Like his father, Setúbal earned an engineering degree from the prestigious Escola Politécnica of the University of São Paulo. He went on to receive a master’s degree in engineering from Stanford University. Except for a yearlong stint in 1983 at Citicorp in New York, where he worked directly under soon-to-be-CEO John Reed in the consumer banking area, Setúbal has spent his career at Itaú, holding positions in the financial controls, products and sales areas, and then heading the bank’s commercial operations from 1984 to 1994. That year, at age 39, he was appointed president and CEO, taking over from two successive nonfamily chief executives who served after his father stepped aside as CEO in 1985.

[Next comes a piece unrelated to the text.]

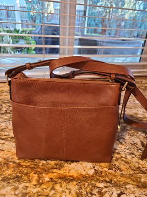 Love this medium size crossbody. The curved pocket in the front easily fits my large cell phone. Convenient to slide it in and out when I am on the go. Use middle slot to drop my car keys in. The two zippered pockets are ample size for everything else.

Banco Itaú was founded in São Paulo in 1945 by Alfredo Egydio, Roberto’s grand-uncle, as the Banco Central de Crédito. Olavo’s father, Paulo Setúbal, was a well-known writer and intellectual, but his son preferred business and banking, and went to work for his uncle Alfredo. When Alfredo died in 1959, Olavo took over and began a string of acquisitions that by the mid-1970s made Itaú the second-largest private sector bank after Bradesco. By then Olavo had launched himself into politics, serving as São Paulo’s mayor from 1975 to 1979 and as Brazil’s foreign minister from 1985 to 1986. “Olavo Setúbal was a brilliant banker,” recalls Delfim Netto, the former Finance minister. “And Roberto is pretty good himself.”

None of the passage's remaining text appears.